Popularity of a cappella continues to grow in China

By Liu Zhongyin Source:Global Times Published: 2019/8/1 18:38:40



The Freewill Vocal Band performs at the annual Vocal Asia Festival in Hsinchu City, Taiwan Province, on August 16, 2018. Photo: Courtesy of the Freewill Vocal Band

Chang Jie, a 25-year-old producer-director at a TV station, has another identity: The entertainment manager and mezzo-soprano for the Button Vocal Band, which she founded in 2015 with friends. They practice a cappella, a form of group or solo singing without instrumental accompaniment, together when they are off work.      

They were invited to perform on May 18, International Museum Day, in Changsha, capital of Central China's Hunan Province, by a local television station. The band constantly upload new works to Chinese short video platform Douyin, earning themselves more than 196,000 fans on the platform.

"We don't have a clear vision or goal about how successful our group will become one day. I think singing makes me happy and relaxed. If we can achieve something, that's wonderful, but we will not spend everything on it," Chang said. 

A cappella groups like Chang's have been becoming increasingly popular over the past decade. According to Chen Wuming, CEO of the Shanghai A Cappella Center, when he first founded the organization in 2011, there were only about 50 to 60 groups in the Chinese mainland, but now there are too many to count. 

Driven by passion

"I was struck and attracted by the novelty of a cappella when I first came across it in high school," said Chen Zhiyin, an undergraduate student at the Central Conservatory of Music in Beijing. 

She founded an a cappella society at her university in 2015 and joined Singlesingers, an organization that holds a cappella classes for people who like the art form and provides a platform for them to meet each other.
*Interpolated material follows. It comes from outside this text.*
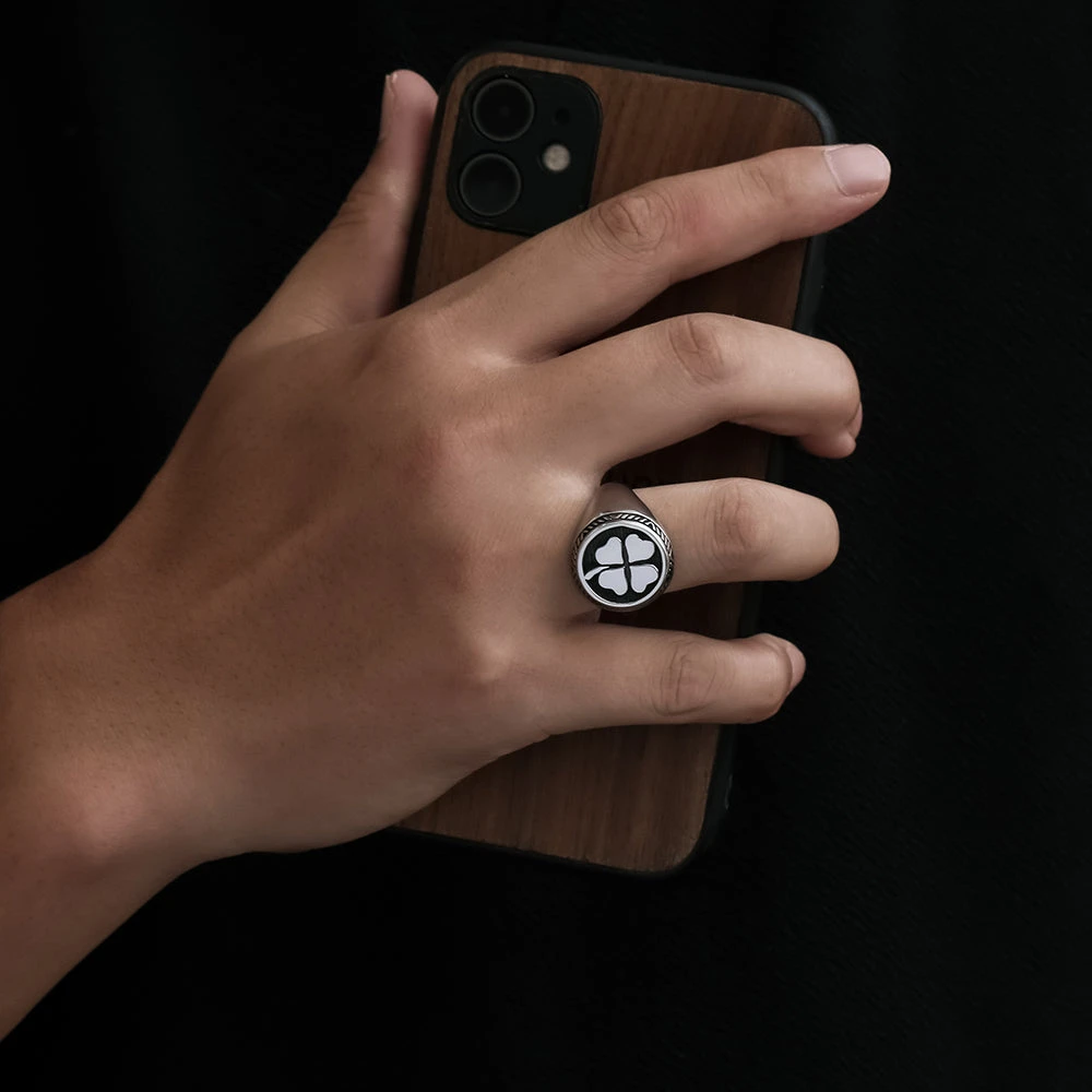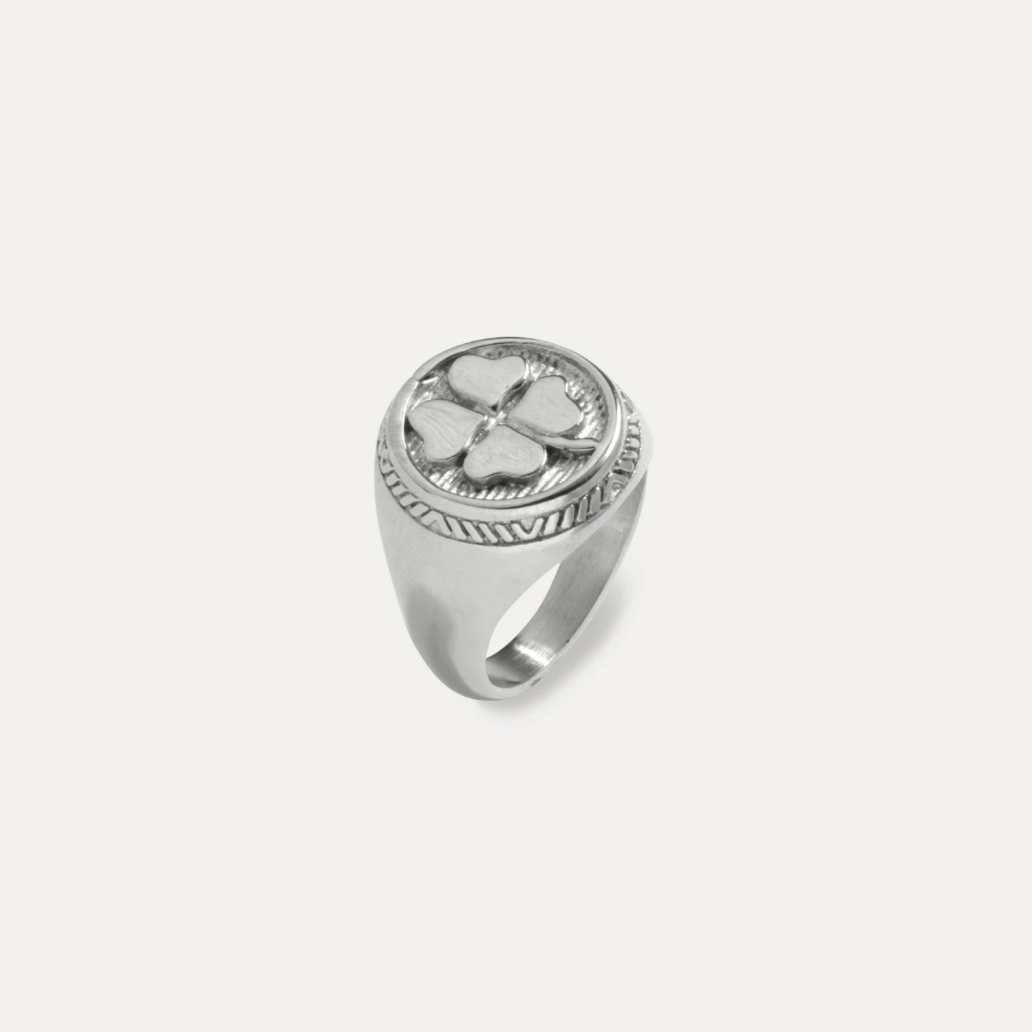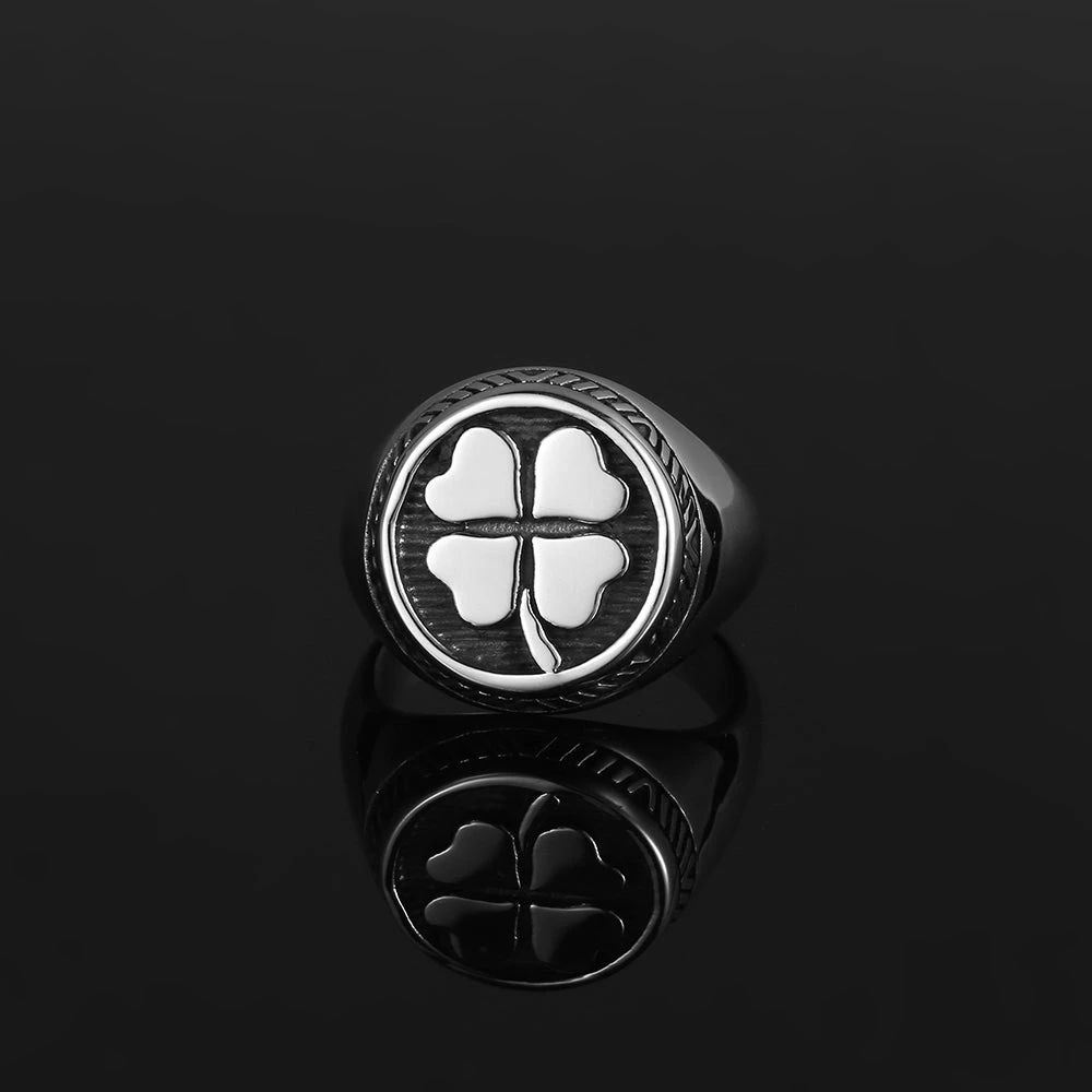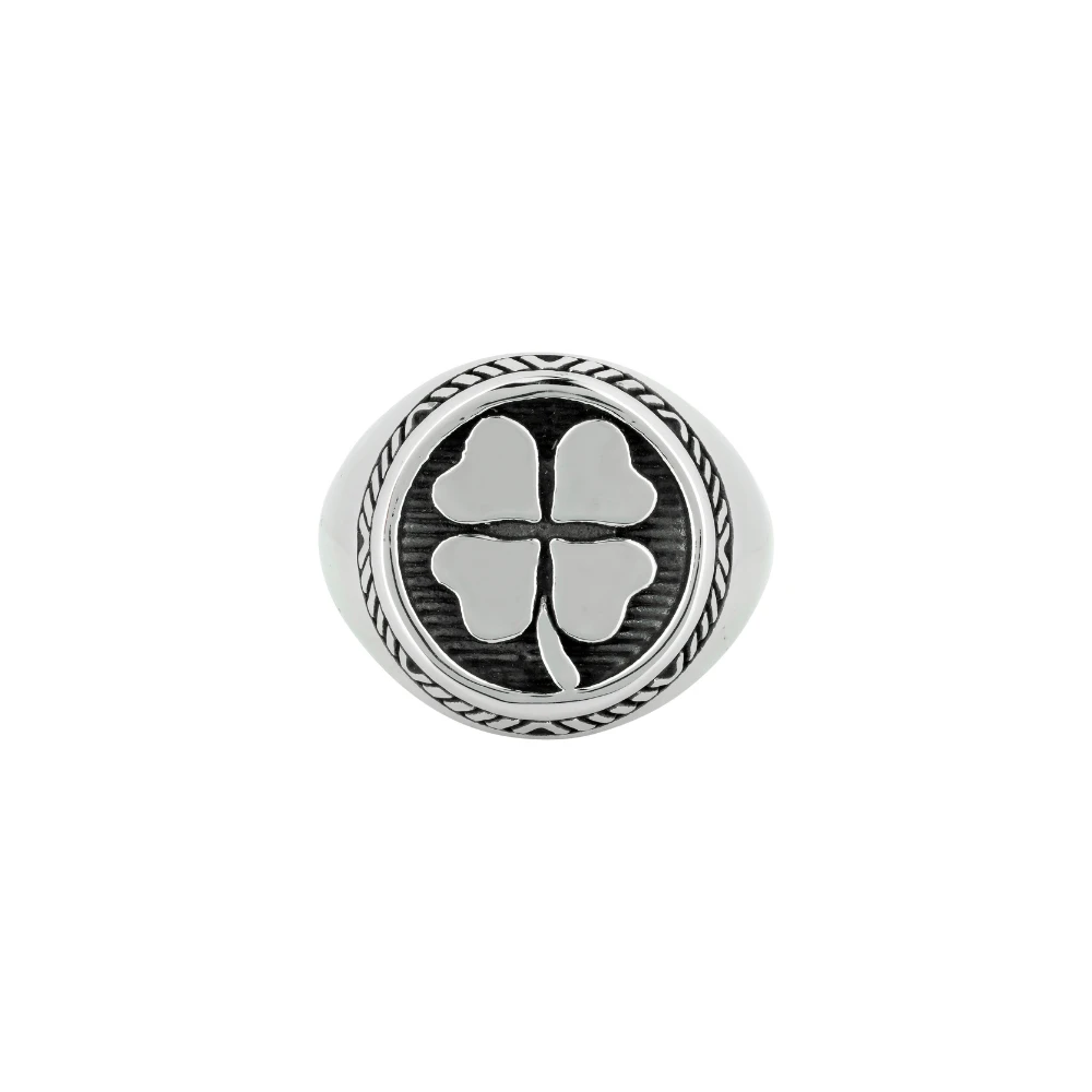 Simple engraved 4 Leaf Clover with greek key inspired pattern around the edge.

Chen noted that there are around 24 Singlesingers branches in different cities in the Chinese mainland. Zealous about a cappella, Chen is also the entertainment manager of the Freewill Vocal Band, a vocational a cappella group. 

Wen Zhixian formed a band called Maximal Vocal in 2017 with people he had met at an a cappella club in Guangzhou, Guangdong Province. Although he and the other five members are busy with work and live in two cities, Guangzhou and Shenzhen, they try to practice together at least once a week.
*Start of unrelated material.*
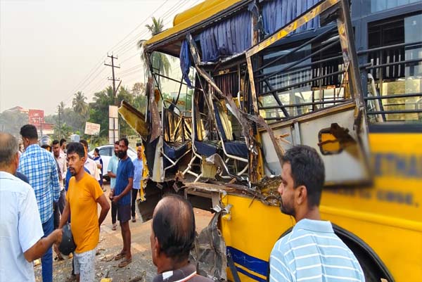 ಗೋವಾದಿಂದ ಕೇರಳಕ್ಕೆ ಮೀನು ಸಾಗಿಸುತ್ತಿದ್ದ ಕ್ಯಾಂಟರ್‌ ಚಾಲಕ ಸಂಜೀವ ನಿದ್ದೆ ಮಂಪರಿನಲ್ಲಿ ಗಾಡಿ ಓಡಿಸಿದ್ದೇ ಅಪಘಾತಕ್ಕೆ ಕಾರಣವಾಗಿದೆ. ಘಟನೆಯಿಂದ ಬಸ್ಸಿನೊಳಗಿದ್ದ ಹೈಸ್ಕೂಲ್ನ ನಾಲ್ಕು ವಿದ್ಯಾರ್ಥಿಗಳು ಹಾಗೂ ಮೂರು ವಿದ್ಯಾರ್ಥಿನಿಯರು ಗಾಯಗೊಂಡಿದ್ದಾರೆ.

"A cappella is so amazing, and it's just so much fun when we are singing together," Zheng Ye, the soprano for Maximal said.  

"We are group singing. The leading rhythm is usually very melodious, while there might be someone whose rhythms are extraordinarily unpleasant. It's a bit torturing to practice those kinds of rhythms. However, when we sing together, it's just brilliant," Chang noted.  

Promoting popularity 

To arrange the first Shanghai A Cappella Festival in 2011, Chen Wuming and his team called the a cappella groups they had heard one by one to invite then, promising they would cover all transportation and accommodation costs. 

Sensing the popularity of a cappella among young people, Shenzhen Satellite TV held an a cappella talent show in 2012. The Strawberry Music Festival also invited a cappella groups to perform on stage in 2012 and 2013. Chen said that the show aroused an a cappella sensation in universities, leading to many students establishing bands of their own. 

"There are many Chinese who either have singing experience in choruses or are just passionate about singing. This is the foundation for the popularization of a cappella," Chen Zhiyin said. 

"However, it is still music circulating among small groups of people, compared to other popular music genres," Chen further noted. 

The a cappella classes Singlesingers holds are not run for profit, but to introduce the music form to more people who show an interest in it.

"It's like a mission for every a cappella group to broadcast this music. If a listener knows what I am talking about when I mention a cappella, I will feel very happy," Chang said.

Establishing an identity

In China, an a cappella group is usually made up of five to seven people so they can sing different vocal ranges or mimic the range of some musical instruments. 

"The smaller the group is, the harder the process of music arrangement becomes," Chen Wuming noted.

One representative transition in the development of a cappella has been the gradual perfection of mimicking the sounds of bass and beatboxing, which enables groups to try different genres of popular music, such as jazz and country music.

"The threshold is not low when it comes to performing this art form," said Chang. 

"First, you must know how to read music. Then you have to be able to maintain a tone and not be affected by others because the vocal range you are responsible for is different from the others. Third, you should hit your notes," Chang said.

Chen Wuming pointed out that some audiences see a cappella as a form of vocal percussion and forget the musical artistry that is involved in it. Chen noted that starting from adapting already existing songs, a cappella groups need to move on to injecting culturally authentic and distinctive factors into their music and establishing their own identities.